A Changing Demographic, Oral Sex and a Possible Epidemic
At the press conference, Dr. Cullen provided some background on head and neck cancer. "About half of all head and neck cancer is oropharyngeal, and about half of those oropharyngeal cancers are HPV-related," he said.
The typical profile of a patient with oropharyngeal cancer has greatly changed in the past 20 years or so, said Dr. Lippman.
In the past, the disease was primarily that of older patients and was related to tobacco and alcohol use; their disease was typically HPV-negative. In recent years, "the demographics are totally different," said Dr. Lippman. Patients tend to be executives, educated, white, and in better shape, he said. They are also likely to be HPV-positive.
The experts at the press conference suggested that the increase in the practice of oral sex among white, especially younger, Americans, has led to the increasing incidence of oral HPV infection and related HPV-positive oropharyngeal cancer.
Young black Americans are less likely to have oral sex and they are more likely to first have genital sex, said Dr. Brawley. This might explain why blacks are less likely to have HPV-positive oropharyngeal cancer. In the case of black Americans, their HPV infections are more likely to be genital, which in turn provides them with some immunity in the oral cavity. Thus, when blacks have oropharyngeal cancer, it tends to be the difficult-to-treat HPV-negative type, he explained.

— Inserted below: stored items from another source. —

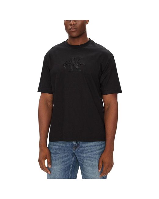The Calvin Klein Jeans SS HERO MONOLOGO EMB LV04RB295G men's t-shirt is the perfect choice for those seeking a casual yet refined look. Made from a blend of 100% cotton, 37% polyester, 20% recycled cotton, and elastane, it offers a comfortable fit and a soft feel on the skin. The short-sleeved design features a subtle tone-on-tone Calvin Klein Jeans embroidered logo on the chest, adding a distinctive yet understated touch. With its regular fit and lightweight fabric, this t-shirt is ideal for everyday wear during warmer seasons or to complete urban, contemporary outfits. A versatile piece, suitable for leisure time and informal occasions. Season: FW25. Color: black
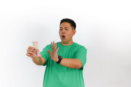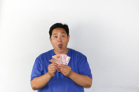 Surprised Asian man holding a lot of money on white background, indonesian rupiah
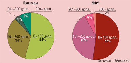 Интересно, что противоположное направление структурных сдвигов (в сторону low-end у МФУ и более профессиональных моделей у принтеров) заметно сблизило распределение продаж этих устройств по ценовым категориям. В первом полугодии сходство структуры двух сегментов оказалось довольно явным (рис. 3). Соответственно, выровнялась и средневзвешенная розничная цена струйных принтеров и МФУ (около 125 долл.), у первых она за год возросла на 3%, а у вторых уменьшилась почти на 8%.
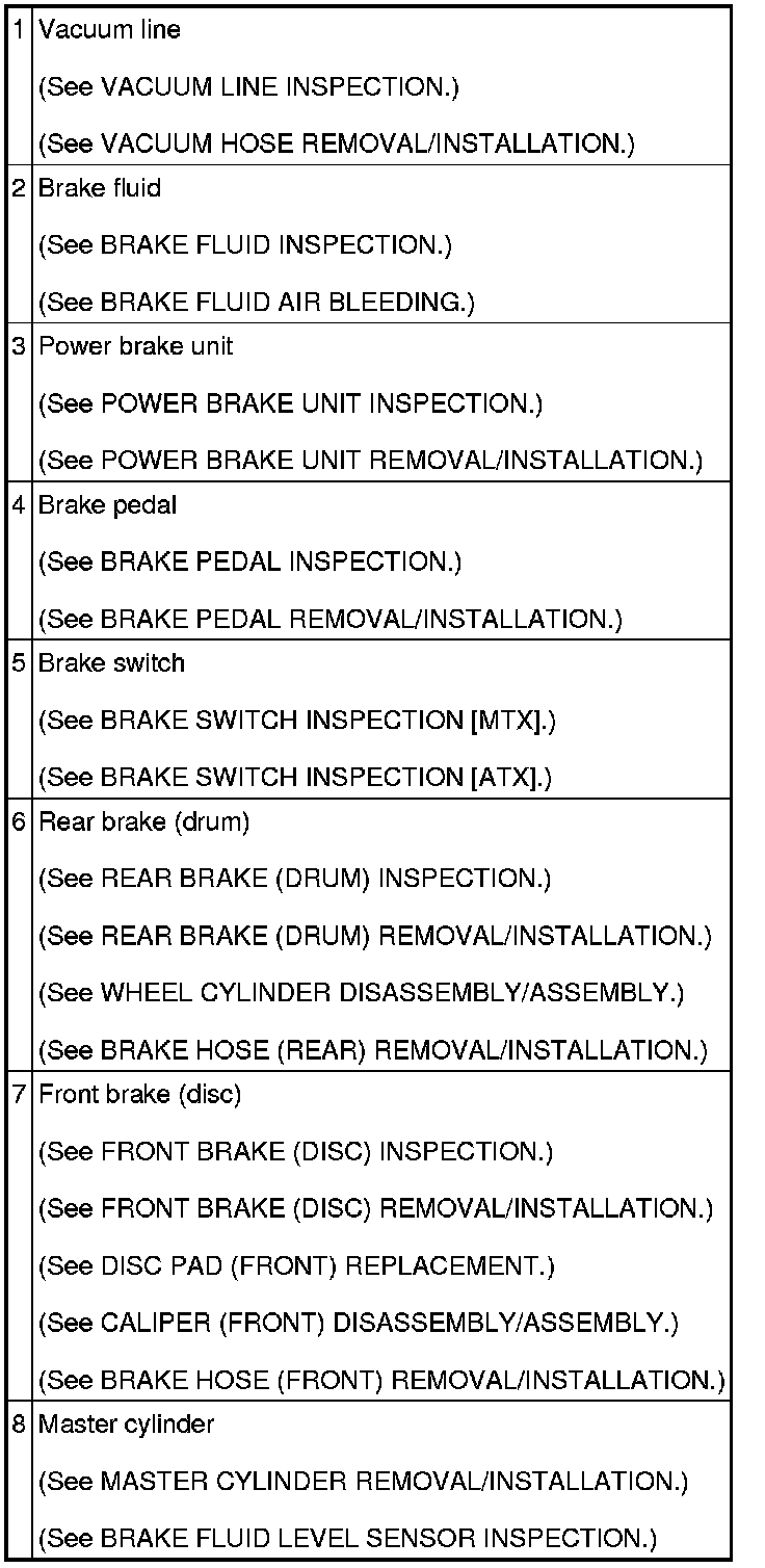 CONVENTIONAL BRAKE SYSTEM LOCATION INDEX
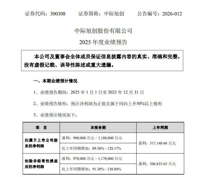 中际旭创业绩预告。
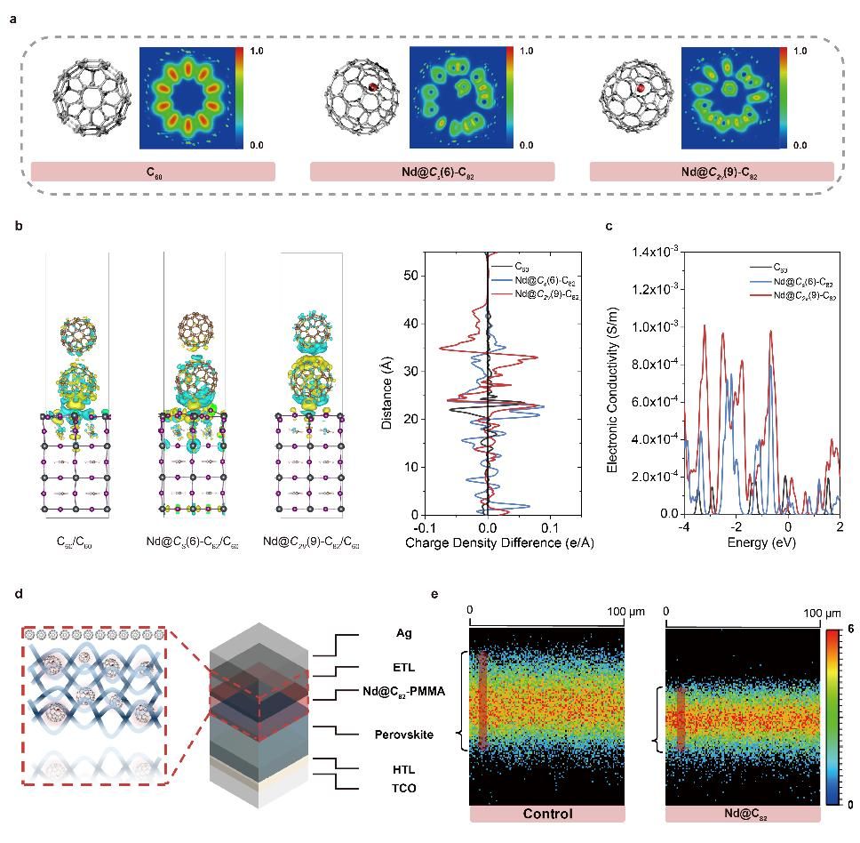 1 内嵌金属富勒烯Nd@C82-聚甲基丙烯酸甲酯(PMMA)耦合层助力超快电子提取和离子扩散抑制。(a)C60,Nd@Cs(6)-C82,以及Nd@C2v(9)-C82的分子结构以及相应的电子局域化函数(ELF);(b)钙钛矿/富勒烯的电荷密度差分布(CDD);(c)计算出的不同富勒烯电子电导率;(d)具有Nd@C82-PMMA耦合层的倒置钙钛矿太阳能电池(PSC)的器件结构示意图;(e)横截面飞行时间二次离子质谱图。

Why exactly HPV-positive oropharyngeal cancer is more responsive to treatment is not known, said Martin Blaser, MD, from New York University Langhorne Medical Center in New York City.
Dr. Lippman warned of a potential "epidemic" of oropharyngeal cancer. "This is likely to become one of the most common cancers we see," he said.

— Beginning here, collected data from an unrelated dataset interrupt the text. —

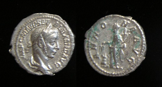#9504: SILVER Denarius - 230 AD, Severus Alexander ANNONA - Goddess of the Grain Harvest Historical Context: See above "Historical Context." Obv: Severus Alexander SOLD $49.95 plus shipping
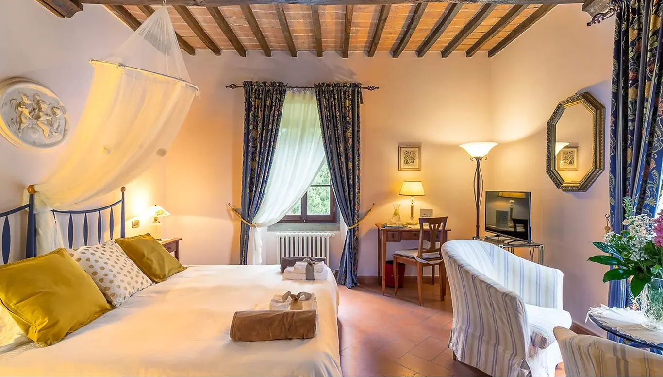In Tuscany, in the lush green heart of Chianti stands Villa La Cappella, a historic residence accessible by the main road, which also allows you to easily reach historic cities of art such as Florence, Siena, San Gimignano, Volterra, Lucca and Pisa, as well as the Tyrrhenian coast. Villa La Cappella is the ideal place to immerse yourself in relaxation and nature, allowing yourself to be engulfed by Tuscany. Your retreat will include spending quality time learning about the history, nature, art and food as well as wine of this wonderful region.
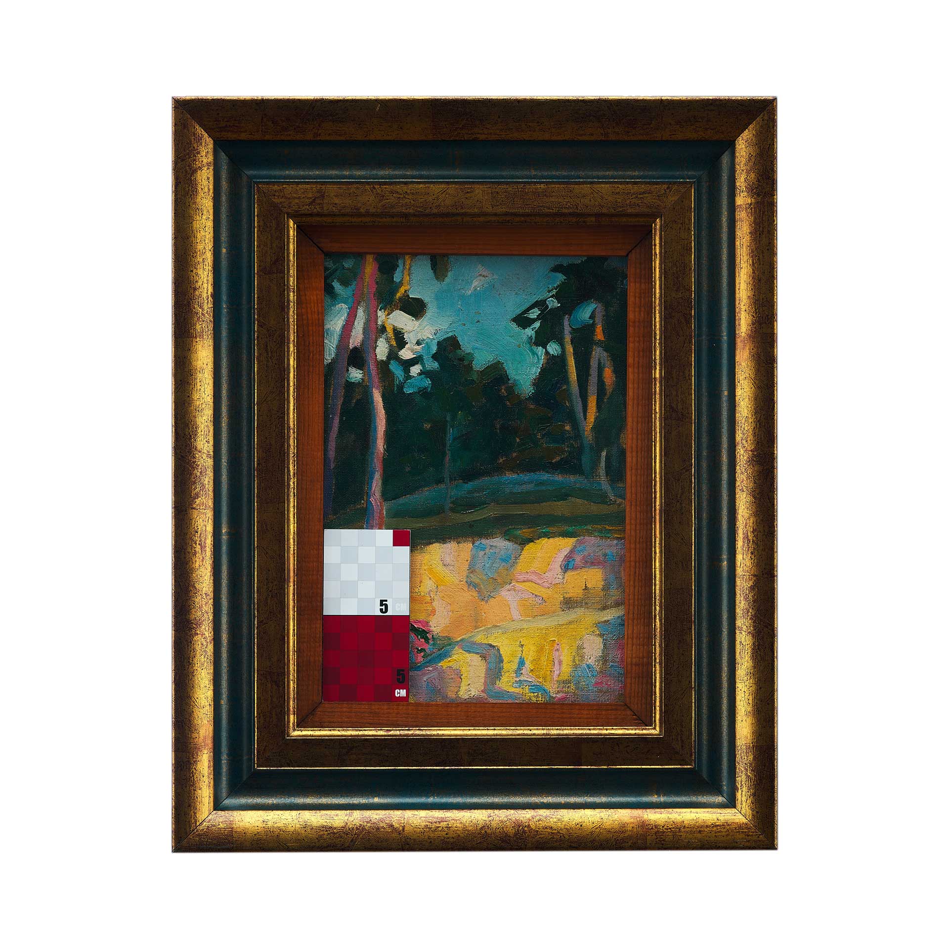 На экспертизу представлен двусторонний этюд, на одной стороне которого изображены пестрые дома южного города и полоска моря вдали. На другом этюде сосны на крутом склоне оврага, освещенные теплым розовым светом заходящего солнца. Этюды написаны в яркой цветовой гамме, что соответствует живописным приемам близким манере письма И.Д. шейнберга. Картины поступили из семьи художника. Данные произведения являются частью творческого наследия И. Шейнберга. Исаак Давидович Шейнберг (Бердичев 1 (13) мая 1887 - 1965 Мешерск, Моск, обл.).
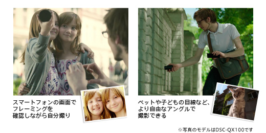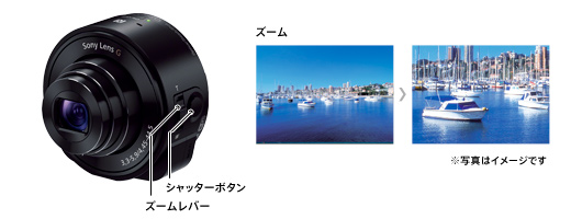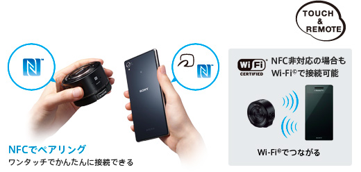 スマートフォンとかんたん接続 スマートフォンに専用アプリ“PlayMemories Mobile”をインストールすれば、複雑な設定や操作をすることなく、Wi-Fi(R)でQX10に接続できます。NFCなら、さらにかんたんにワンタッチで接続可能。QX10での撮影や各種設定も、スマートフォン側から行えます。

Vaccination for HPV is a likely strategy to deal with HPV-related oropharyngeal cancer, said Dr. Brawley. One of the targets of HPV vaccination, HPV-16, is associated with a significant percentage of oropharyngeal cancers, he said. Both boys and girls would receive vaccinations as part of such a strategy, he added.
The researchers have disclosed no relevant financial relationships.
Cancer Prev Res. Published online before print July 29, 2009.